## Action item
Pictures are to be left out. Copy exactly, and only, the lines from the start of the entries below to the line with "وكتب خوري عبر", both included.

## Source information
────
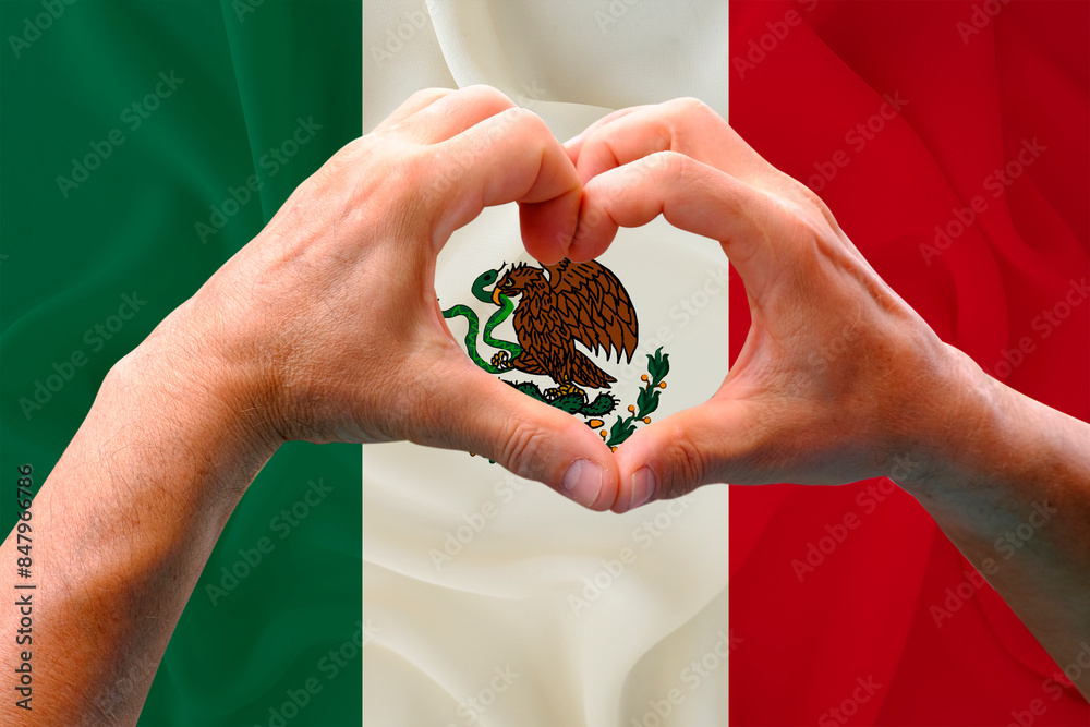 close-up of male hands in heart form against background of silk national flag of Mexico, patriots of country concept, Independence day, travel, international cooperation
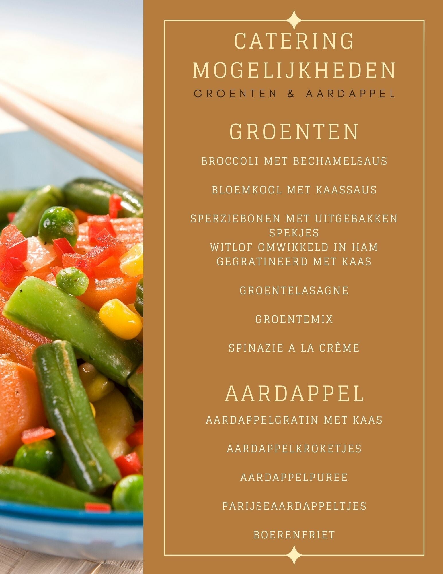 Wij hebben voor u de meest gangbare menu's op een rij gezet maar er is zeker meer mogelijk, klik op de afbeelding om deze te vergroten
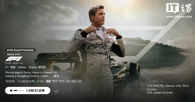参考IT之家此前报道,在 2026 年格莱美颁奖典礼上,苹果 Apple TV 凭借电影《F1:狂飙飞车》,在 4 项提名中中了 1 个,斩获了“最佳乡村独唱表演”奖(Best Country Solo Performance)。这不仅是该片在本颁奖季收入囊中的第 15 个奖项,更为其即将到来的奥斯卡征程注入了强心剂。
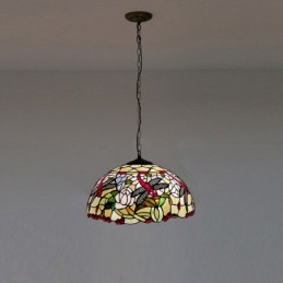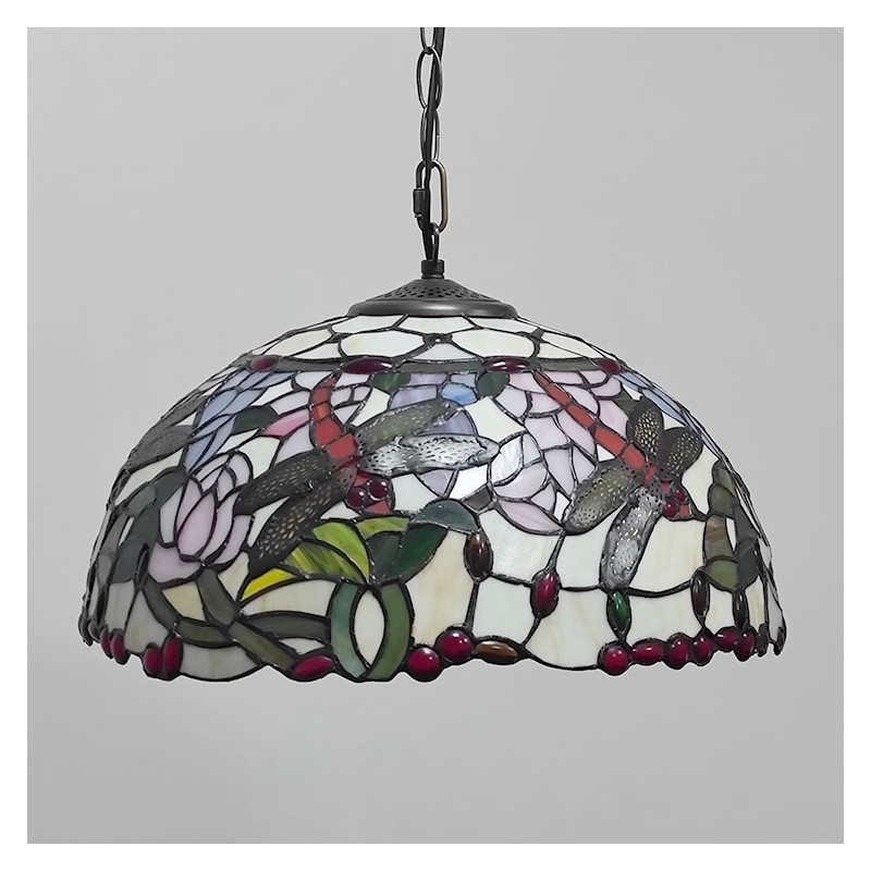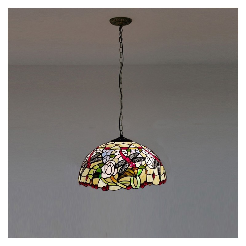 Lampada a sospensione in vetro colorato stile Tiffany da 16 pollici con libellula. Plafoniera vintage in vetro colorato
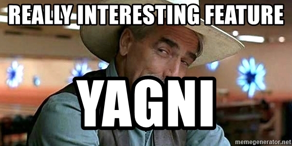 While all kinds of acronyms are usually very popular among software developers, this is one that way too few know about: YAGNI - You Aren't Gonna Need It!.
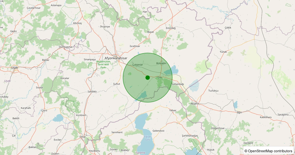 Son 7 gün içinde Çay - Karamık Karacaören Köyü noktasından 100 km yarıçap içerisinde meydana gelen diğer depremler:
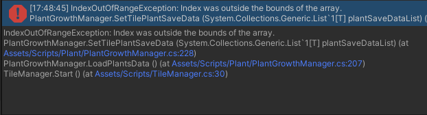 이 오류가 발생한 코드 부분은 SetTilePlantSaveData에서 SetTile을 해주는 부분이었다.
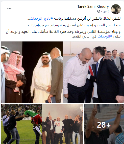 وكتب خوري عبر صفحته الخاصة على فيسبوك اليوم الإثنين: "لقطع الشك باليقين لن أترشح مستقبلاً لرئاسة نادي الوحدات".
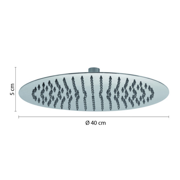Pommeau de douche 1 jet, ø 40 cm, connection de 1/2. plus produit: presence de micropores qui cree un effet nebuleux, attaque universelle, filtre antisha et reduit les economies d’eau de 50%.
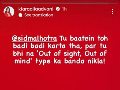 "सिद्धार्थ मल्होत्रा तू तर मोठमोठ्या बढाया मारतोस, पण, तू सुद्धा 'आऊट ऑफ साइट, आऊट ऑफ माइंड' प्रकारातसा निघालास", असं म्हणत कियाराने ही पोस्ट शेअर केली आहे.
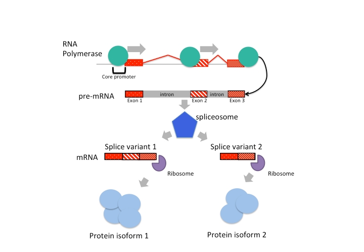 图 1.3:转录后可以通过剪切产生不同的转录本,进而产生不同的蛋白质亚型,因为产生蛋白质所需的信息在转录本中编码。同一基因的不同转录本可以产生不同的蛋白质亚型。
────
## Task output
 close-up of male hands in heart form against background of silk national flag of Mexico, patriots of country concept, Independence day, travel, international cooperation
 Wij hebben voor u de meest gangbare menu's op een rij gezet maar er is zeker meer mogelijk, klik op de afbeelding om deze te vergroten
参考IT之家此前报道,在 2026 年格莱美颁奖典礼上,苹果 Apple TV 凭借电影《F1:狂飙飞车》,在 4 项提名中中了 1 个,斩获了“最佳乡村独唱表演”奖(Best Country Solo Performance)。这不仅是该片在本颁奖季收入囊中的第 15 个奖项,更为其即将到来的奥斯卡征程注入了强心剂。
 Lampada a sospensione in vetro colorato stile Tiffany da 16 pollici con libellula. Plafoniera vintage in vetro colorato
 While all kinds of acronyms are usually very popular among software developers, this is one that way too few know about: YAGNI - You Aren't Gonna Need It!.
 Son 7 gün içinde Çay - Karamık Karacaören Köyü noktasından 100 km yarıçap içerisinde meydana gelen diğer depremler:
 이 오류가 발생한 코드 부분은 SetTilePlantSaveData에서 SetTile을 해주는 부분이었다.
 وكتب خوري عبر صفحته الخاصة على فيسبوك اليوم الإثنين: "لقطع الشك باليقين لن أترشح مستقبلاً لرئاسة نادي الوحدات".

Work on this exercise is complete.